However, a few years later, one day, on her way home from work, she discovered Sam, who rarely cried, crying. “I’m so bored that I feel like I’m going to die,” he told her. At this point, Fried said, “we’ve set maximum speed. “He was enrolled in a Saturday program called Math Circle, where teachers taught logic and problem-solving to early students. There were even higher categories of mathematics before school. And in ninth grade, Bankman-Fried was admitted to a selective summer program called Canada/USA Mathcamp, where, for the first time, she made close friends. Gary Wang, who would be one of the discoverers of FTX, was one of them. he was just passionately introduced to this other world of math and science nerds, and they were his people,” Fried said.

Sam and Gabe were also encouraged to participate in debates about human rights and foreign policy at their parents’ Sunday night dinners. Larry Kramer remembers once having a war of words with the kids and saying anything condescending to them, like, “When you’re a little older, get it. “Later, Kramer said, Bankman called him aside: “They wanted their young people to be treated at the same point as adults. “

After some hesitation about their commitment to public school, Fried and Bankman said Sam and Gabe would move on to Crystal Springs Uplands High School, a personal school that has attracted many tech-savvy kids in addition to Steve Jobs’ son. Reserved, recalls a former student: “Everyone identified that he was bright and super smart and that school was not a challenge for him. “

After graduating, Bankman-Fried enrolled at MIT, imagining that she could become a physicist. His plans began to evolve in his second year, when he discovered the effective movement of altruism. Many effective altruists have been inspired by philosopher Peter Singer, who argues that while more than a billion people in emerging countries are deficient and suffering, spending on luxury goods is morally imperfect. The movement has been thinking about how much money it would take to save a single life in danger (about $4,000, according to one estimate), and some of its members have pursued well-paying careers to donate the maximum of their source of income to organizations that serve other vulnerable people. The movement is aimed at people with quantitative orientations.
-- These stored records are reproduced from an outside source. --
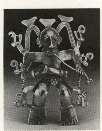
Pendant, costumed figure Banco Central de Costa Rica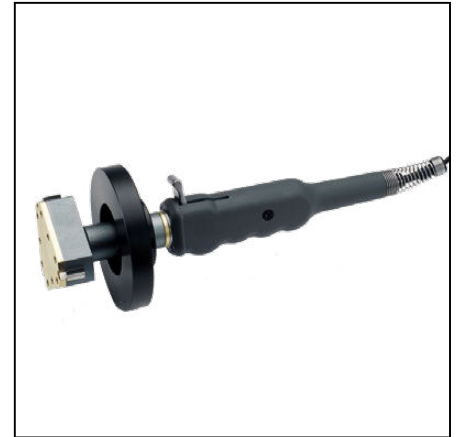
Adjustable depth stop (on request)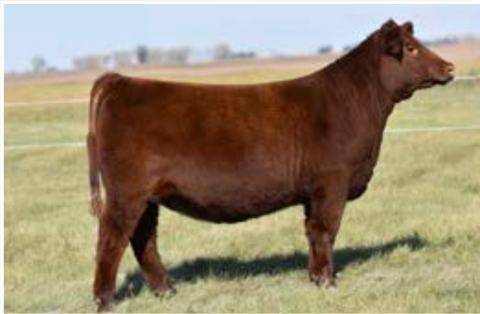
L83 JOSI 130J MATERNAL SISTER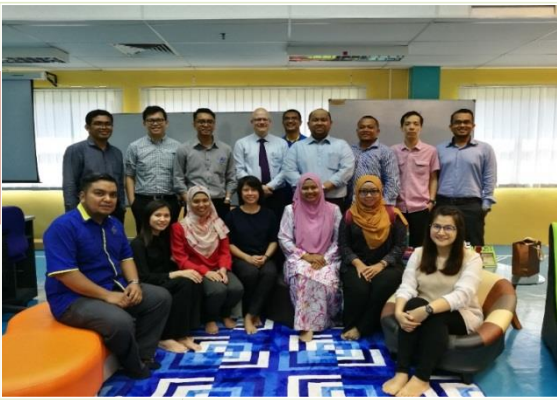
School of Manufacturing Engineering, UniMAP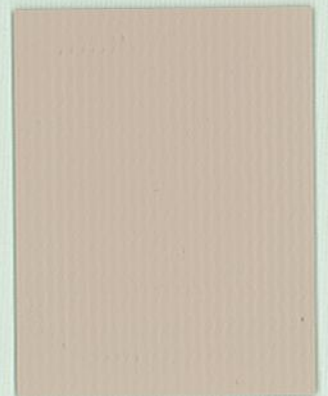
Tan XL 5038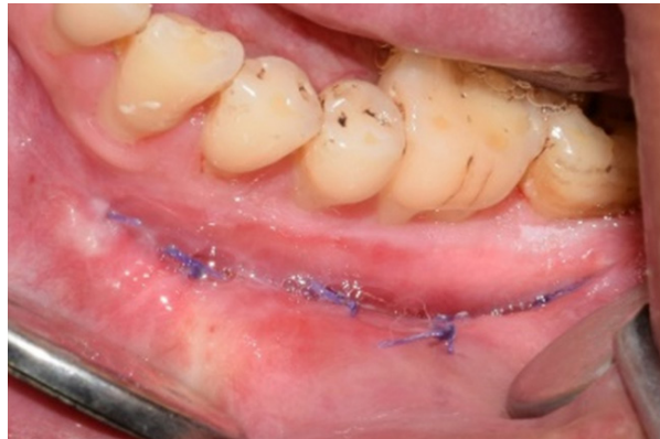
Figure 6: After two weeks of vestibuloplasty.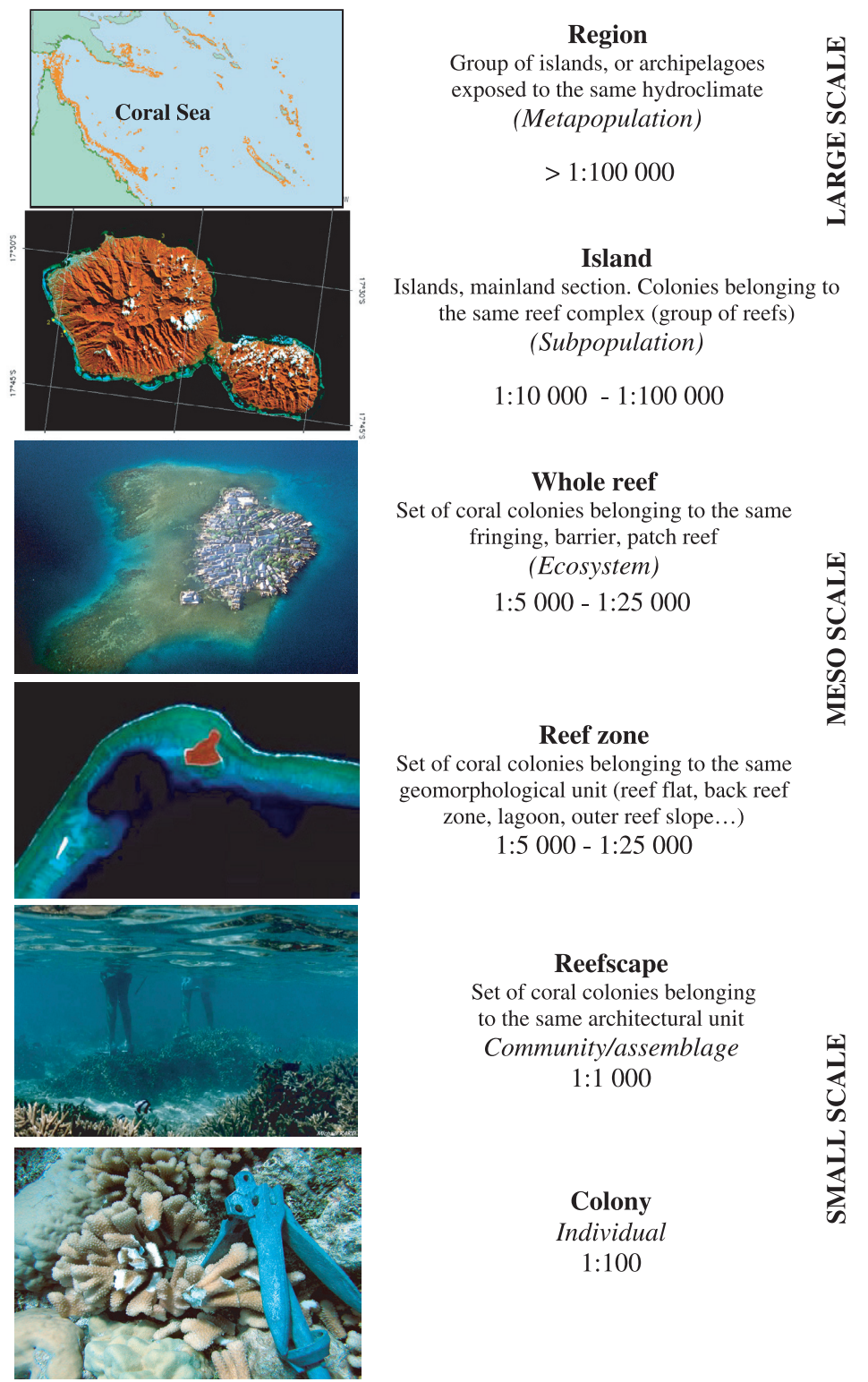
Fig. 1. Multi-scale presentation of coral reef habitats. For each spatial scale (on the right), the spatial pattern (in bold), the ecological function (in italic) and the representative scale are mentioned. Pictures illustrating the small and meso-scales present some related human-induced physical disturbances. Namely, coral colony debris due to anchoring, fishermen walking on a branching coral dominated lagoon reefscape in La Reunion Island, crater generated by atmospheric nuclear blast on the inner slope of the rim of Bikini atoll (Marshall Islands) and land filling of a patch reef flat using coral colonies from the forereef of the same reef in San Blas island (Panama). Island-scale is illustrated by Tahiti island where coastal barrier reefs and fringing reefs are dominant. Region scale is illustrated by the Coral Sea basin which is rimed by the major reef systems of the western Pacific (in orange, incl. New Caledonia, Vanuatu, Salomon Islands, Papua New Guinea and the Great Barrier Reef of Australia. Map source: Reefbase).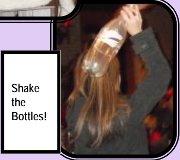
Shake the Bottles!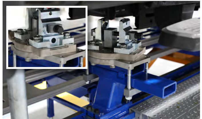
Clamps rotate to accommodate new angled frame designs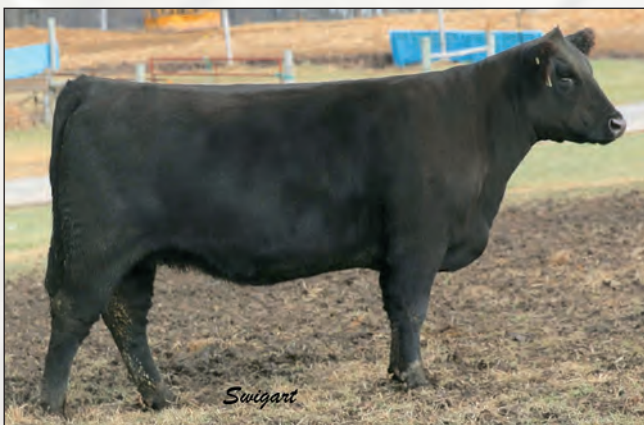
BRC Barbara Lass 1203 - Lot 40

• BRC Blackbird is one massive female with lots of style to her that is out of one of the most productive donors at Blue Ridge Cattle. At 11 years of age her donor dam is still a tremendous productive female. 130 is a maternal sister to the heifer that Blue Ridge had at the 2014 Sweepstakes Sale that was a tremendous production female. Serviced 12/6/14 to TEN X.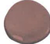
Garison Red HC66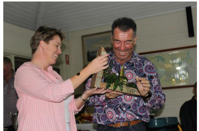
Above is the Flotsam Trophy for coming upon hard times – in this case running into a mangrove tree as per the trophy.....Memphis.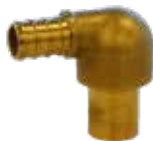
PEX x Fitting Elbow

ASTM F1807 No lead, DZR forged brass ANSI/NSF 61 & 14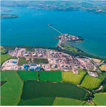
Irving Oil Whitegate Refinery, Cork

In 2014, Bankman-Fried accepted a job at Jane Street Capital, a trading firm that used mathematical models to find and mine other securities in other stock markets. The company hired many math programmers and academics and had a geeky, collegial culture; Night chess tournaments were common. Jane Street attracted other effective young altruists, including Caroline Ellison, daughter of M. I. T. Stanford graduate professors.

Bankman-Fried told me that the task favored other people who could simply track the many variables that influence the market and had the ability to synthesize them and make quick trading decisions, while managing computer code designed to execute trades. He described it as “ordering from, right on the border between humans and PCs. “

Bankman-Fried told me he gave part of what he earned to Jane Street, but refused to disclose the amount. Much of the money, he said, went to animal welfare organizations and the Center for Effective Altruism, in the form of grants. and movement building. After about 3 years, he left Jane Street and for a brief period worked for the Centre while thinking about starting his own business.
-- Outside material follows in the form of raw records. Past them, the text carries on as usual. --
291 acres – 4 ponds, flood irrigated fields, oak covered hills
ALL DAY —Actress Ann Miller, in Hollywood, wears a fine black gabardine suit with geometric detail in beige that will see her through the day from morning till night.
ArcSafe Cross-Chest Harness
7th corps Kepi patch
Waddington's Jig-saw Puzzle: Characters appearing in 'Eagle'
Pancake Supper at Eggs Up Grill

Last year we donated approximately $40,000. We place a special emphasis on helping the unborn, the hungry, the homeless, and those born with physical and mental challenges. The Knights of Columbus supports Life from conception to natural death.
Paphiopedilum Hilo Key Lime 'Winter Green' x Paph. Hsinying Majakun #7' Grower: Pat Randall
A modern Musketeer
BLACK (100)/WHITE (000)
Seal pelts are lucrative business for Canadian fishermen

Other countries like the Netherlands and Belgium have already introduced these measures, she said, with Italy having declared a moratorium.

The cryptocurrency boom was underway and a bunch of virtual currencies were traded on exchanges around the world. Bankman-Fried became interested in the industry after noticing that costs were quoted differently depending on the exchange used. A savvy trader with a master in algorithmic programming was well positioned to exploit differences: for example, buying a bitcoin in the US. Promote it in Japan and benefit from the spread. In 2017, according to court documents, he and his colleague, Tara Mac Aulay, began trading cryptocurrencies with their own cash on various exchanges. Finally, others joined us: Ellison; Wang, Sam’s math camp friend, who had worked at Google; and Singh, a friend of Gabe’s who worked at Facebook. Wang and Singh had also become effective altruists and pledged to donate as much of their income as possible. The friends formalized the fund by calling it Alameda Research.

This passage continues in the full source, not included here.